I remember reading about, watching, and enjoying some of the greatest athletes in history, all at their peak in the 70s: Hank Aaron, Johnny Bench, Muhammad Ali—Joe Frazier, Jack Nicklaus, Mark Spitz, Billy Jean King and Chris Evert, Bobby Orr, Arthur Ashe—Borg—Connors, Nadia Comaneci, Secretariat.
I remember bellbottom pants, tie-dye shirts, huge collars and equally huge ties. What can I say? It was the 70s.
I remember our first date, November 10, 1971, “The Carpenters” concert, Dayton, Ohio. I remember my date wore pink; I do not remember what Karen Carpenter wore.
I remember long sideburns, wide sideburns. I had long sideburns when we got married. Dad had wide ones, looked like a holdover from the Civil War.
I remember pet rocks, 8 track tapes, streaking, disco, platform shoes, mopeds, “Dig it?” leisure suits, lava lamps, and Rocky before a Roman Numeral followed the title. And I remember “Yo, Adrian.”
I remember hair, lots of it. “Gimme head with hair—Long beautiful hair—Shining, gleaming—Streaming, flaxen, waxen—Hair, hair, hair, hair, hair, hair, hair.” I never wore the way-long variety that came along in the late 60s and 70s, but it was long enough.

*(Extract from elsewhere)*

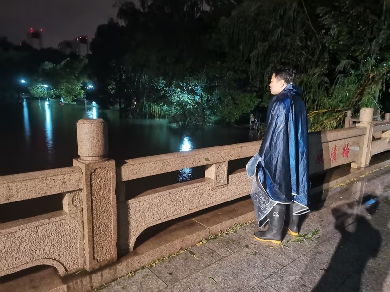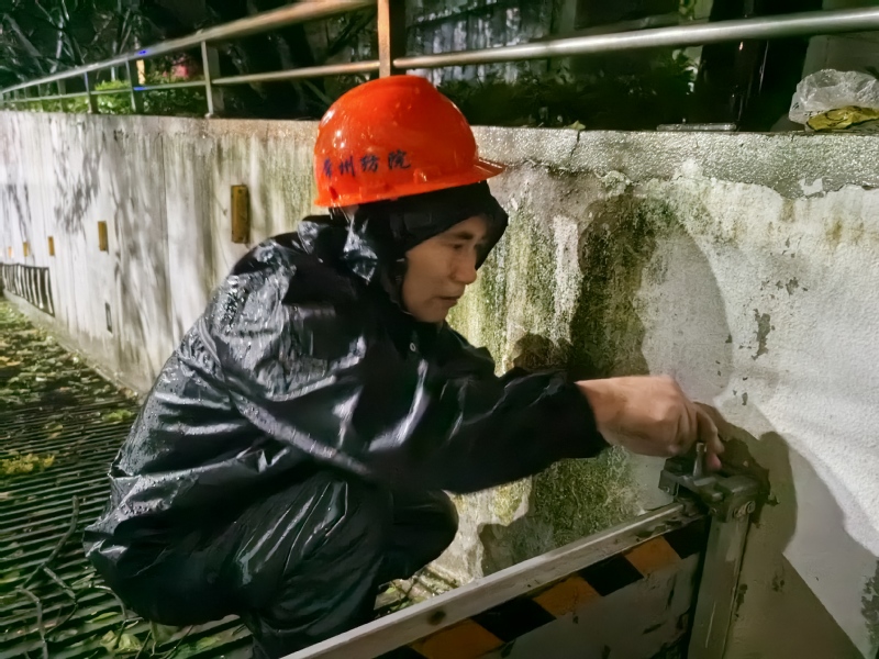 9月16日,台风肆虐,值守人员不惧风雨,奋勇前行,多次前往设备房、地库、河道等高风险区域进行巡查。发现有无法上锁的门窗,紧急使用绳索捆绑牢固,以免强对流造成撞击损毁;巡回排查重点区域,包括学生宿舍楼顶、配电房、河边、玻璃屋顶、石材外立面等,对发现的学生宿舍区渗水区域进行排查,及时疏通排水管道,保障排水通畅;检查河边警示标志、设置警戒线,要求学生远离高空玻璃、石材区域,减少安全隐患。各条线值班人员24小时坚守在抗击台风第一线。

In our wedding pictures my hair is too long in front and flips up like a baseball cap bill in every picture.
I remember our first calculator. It was 1974, a month after we were married, and it could add, subtract, multiply, divide, and do percentages. That’s it. Now you can get one in cereal boxes that could’ve been used on the Apollo space missions.
I remember in grad school IBM punch card machines with its attached keyboard. You’d put in a deck of cards, punch them one hole at a time, stack your computer “job,” submit it through a window to computer techs, and get your job back the next day. You lived in fear you’d open your mailbox and find a slim printout, meaning you’d made a mistake and had to re-punch and rerun and re-wait all over again.
I remember seeing my first PC. It was jet black, large and heavy, looked like 3 boxes stuck together. It came to the Institute for Public Policy Research, University of Cincinnati, where I worked in grad school. We all walked down the hall to stare at it like it was a new baby.
I remember when as young marrieds we bought our first microwave. It was like acquiring a new car and was, shall we say, large, about 50%-75% bigger than most kitchen microwaves I see now.